As I was saying, “Uncle” Bud was really nobody’s uncle, at least nobody that I know of.  Uncle Hobart really was my uncle—by law if not by choice, as Daddy said.  Uncle Hobart knew he was more advanced than the rest of us.  He had been to Chapel Hill and got a regular paycheck from the state.  Opposite of everybody else, he wore a tie every day except Sunday, and denim only on Sunday.  When the fruit jar was making the rounds on the porch after supper he would kind of sniff and make a face and pass it on.  One night he was bragging about his new saturnlight-TV dish which could “GET SPORTS TWENTY-FOUR HOURS A DAY!”

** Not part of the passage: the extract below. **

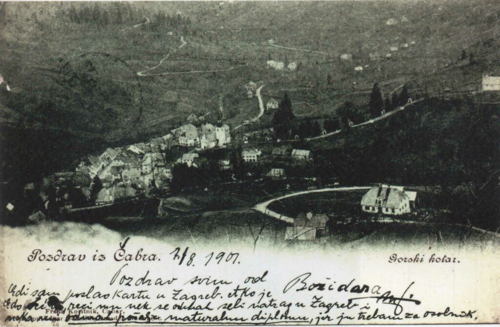 U čabarskom kraju razglednice se pojavljuju nakon 1895. godine, a najstarije poznate primjerke krase poštanski žigovi iz 1898. godine. Važni pioniri njihova izdavanja bili su poštar Franjo Koritnik i fotograf Dragutin Žagar. Tijekom tzv. »zlatnog doba razglednice« (1898. – 1915.) čabarski kraj dosegnuo je visoku razinu estetske i tehničke kvalitete tiska. Između dva svjetska rata lokalni trgovci i ugostitelji nastavili su tradiciju izdavanja, dok su fotografi i manji nakladnici bilježili prirodne ljepote i život ovog kraja. Zahvaljujući njihovu radu, danas posjedujemo vrijedne vizualne dokumente koji svjedoče o povijesti, identitetu i kulturnom nasljeđu čabarskog kraja, piše u sažetku knjige »Pozdravi iz čabarskoga kraja« Ivana Janeša.

Uncle Bud almost never watched TV.  He used to watch the baseball a little, but gave it up when all the players started being foreign.  He took a sip and looked over at Uncle Hobart.  “Now take the basketball,” he said.  “I can’t think of anything more useless than a bunch of grown men watching a bunch of boys of the African persuasion running up and down throwing a ball at a hoop.”  He took another sip and then spit.  Uncle Bud is the only man I know who has mastered the fine art of drinking liquor and chewing tobacco at the same time.  I don’t suggest you try it.

“Wait a minute,” Uncle Bud resumed.  “Yes I can think of something even stupider: a bunch of grown men with a bag of high-priced sticks in a bag running around trying to hit a little  ball into a hole.”  The last comment might have been aimed at another uncle, who shall remain nameless at this time.

“As for the football, all those big fellows ain’t worth a damn for anything important.  They wouldn’t last ten minutes at the Chosin.  It was the little tough wiry fellows that came through there.  The big boys who bragged about how strong they were and threatened to beat you up, they folded—every time.”  Uncle Bud almost never talked about Ko-rea, but he himself was a little tough wiry fellow if there ever was one.